American computer scientist

Newton Lee is a computer scientist who is an author and administrator in the field of education and technology commercialization. He is known for his total information awareness book series.

==Education==

Lee holds a B.S. and M.S. in computer science from Virginia Tech, and an electrical engineering degree and honorary doctorate from Vincennes University.
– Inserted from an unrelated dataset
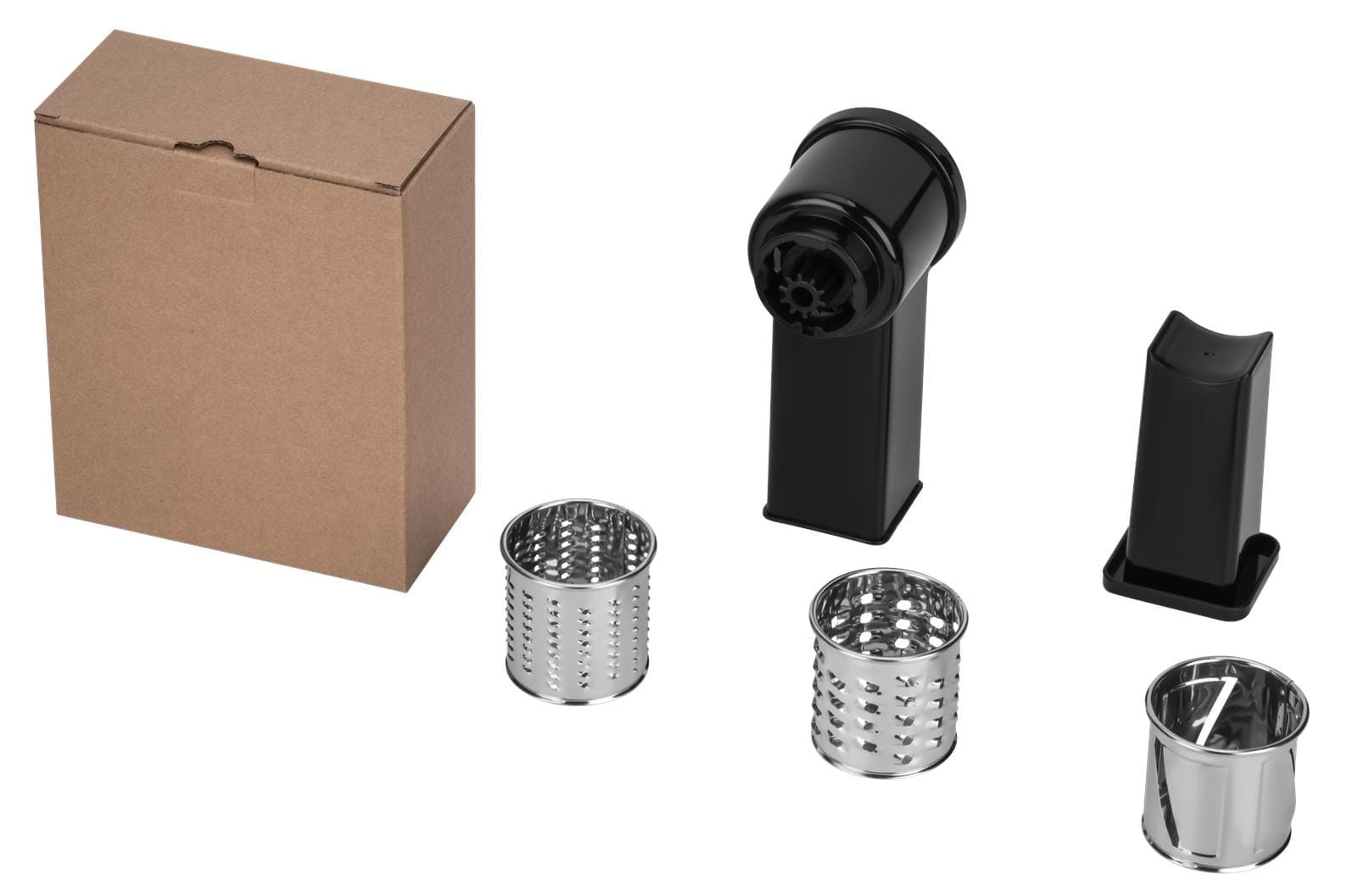 Dołączona szatkownica wyposażona jest w cztery ostrza ze stali nierdzewnej oraz trzy wymienne bębny o wymiarach 62 x 67 mm. Ostrza różnią się profilem cięcia, co pozwala uzyskać różne formy krojonych warzyw:

He was a 2021 graduate of the FBI Citizens Academy and the founding president of the Los Angeles chapter of the Virginia Tech Alumni Association.

==Career==

Lee is editor and curator of SpringerBriefs in Computer Science, Springer International Series on Computer Entertainment and Media Technology, and Springer Encyclopedia of Computer Graphics and Games.

Previously, Lee was adjunct professor of Media Technology at Woodbury University, senior producer and lead engineer at The Walt Disney Company, research scientist at VTLS where he created the world's first annotated multimedia OPAC for the U.S. National Agricultural Library, computer science and artificial intelligence researcher at AT&T Bell Laboratories where he created Bell Labs' first-ever commercial AI tool, and research staff member at the Institute for Defense Analyses conducting military-standard Ada research for the United States Department of Defense (DoD).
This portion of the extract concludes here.